I created a new case on this today to the nimsoft support. We'll see what they respond...
Garin, do you still have this issue?
Absolutely do. I have 2700 hubs now too if you're counting.... 100 Tunnel proxies - 4 "concentrator hubs" because I have too many tunnel hubs to get from.
My temporary solution to this is to have a Windows scheduled task that, once every 24 hours, restarts the Nimsoft service. It's ugly and crude but instead of losing roughly 7 hubs a day to the software hang, I'm down to 1-2 just because of hardware faults.
On the other hand that really plays havoc with the hub address tables - so much chatter.
And all those probes that reset open alarms at startup rather than figuring out if the issue is still happening. So I get a lot of unnecessary churn on those issues.
I will say that CA is working diligently towards a resolution but I am unfortunately experiencing a gap between intent and success.

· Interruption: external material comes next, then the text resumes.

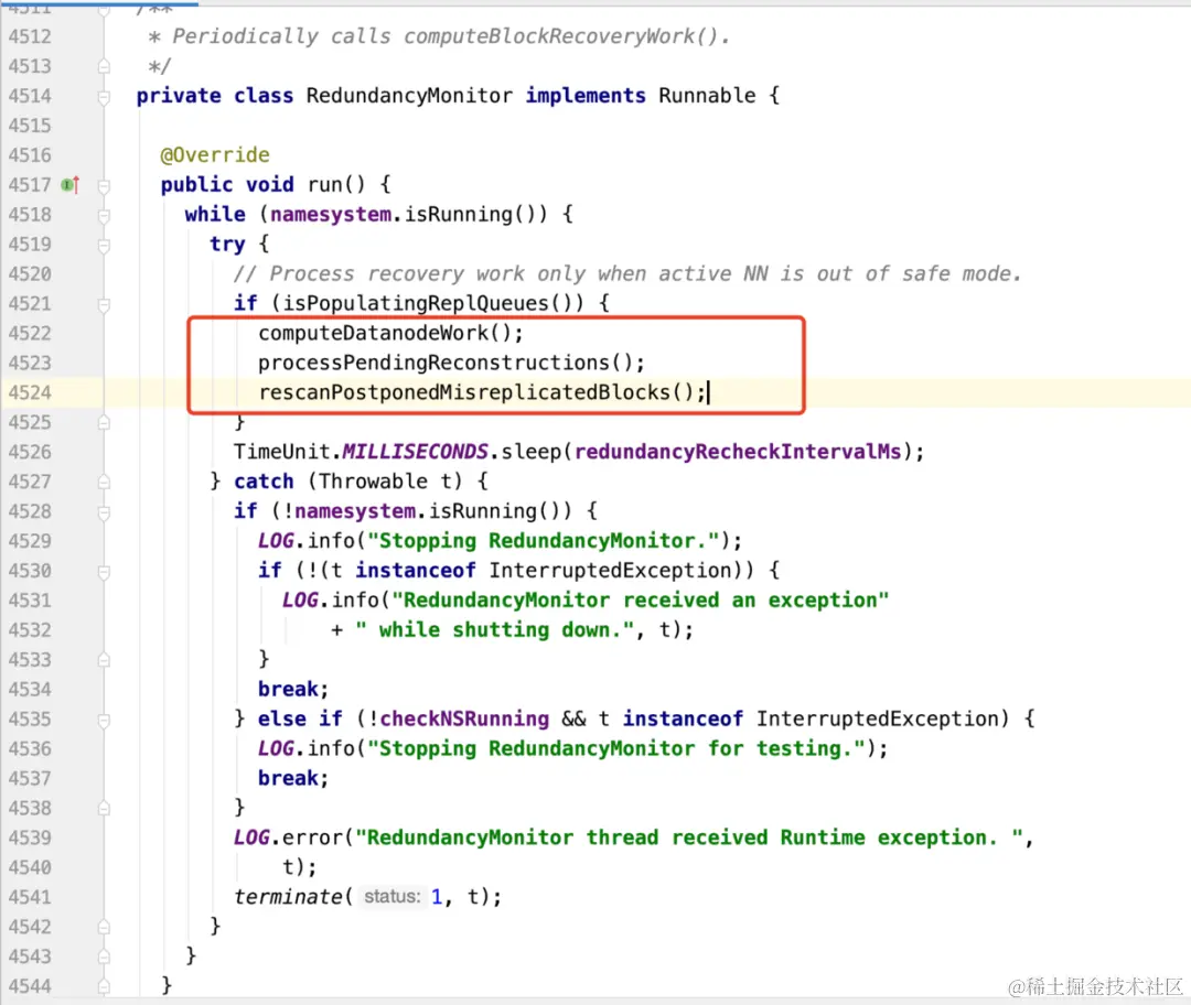 run方法的主要工作是:周期性的(redundancyRecheckIntervalMs)调用红框里的二个方法。生成数据块复制任务、处理数据块复制任务、重新扫描之前被推迟处理的数据块。
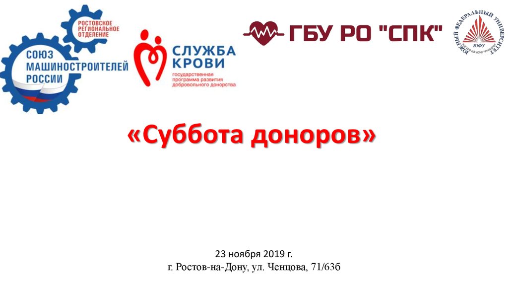 «Суббота доноров»23 ноября 2019 г.

Wow! I only have 8 remote hubs.
I don't have any random disconnects anymore, only when there is a problem with the VPN like a renegotiation or the link goes down for whatever reason. But the result is the same. When the connection between the remote and primary-hub goes down, it can't reconnect. The only solution is to restart the Nimsoft service.
I have case we have been working on forever it feels like. Sending tons of logs to CA, and I've installed maybe 5 different HUB-versions. Same problem.
The thing is that after the down time in the VPN, for maybe a few seconds. I can connect with whatever other session between the HUB's, like RDP or telnet. It's only the HUB that can't reconnect the session.
I'm now trying to figure out how to send a remote command when the HUB can't reconnect but the VPN is up again, restarting the service on the remote HUB from the primary HUB, when the GET-queue in the primary HUB doesn't find the remote-queue.
It looks like I've found a solution. Not sure if it will help you, but this should be an early step in the troubleshooting at least.
The solution is in our firewalls behind the VPN-tunnel. And we've only tried with Cisco-firewalls.
There is a parameter that is disabled by default, and needs to be activated. This parameter keeps the TCP-session "alive" if the tunnel goes down, and reconnects to the same session when it's up again. And it works perfect so far.
sysopt connection preserve-vpn-flows
You can read about it here:
ASA 8.X: Allow the User Application to Run with the Re-establishment of the L2L VPN Tunnel - Cisco
Important is that this parameter need to be turned on, on both sides of the tunnel, and then the tunnel needs to be restarted twice, before the parameter gets activated.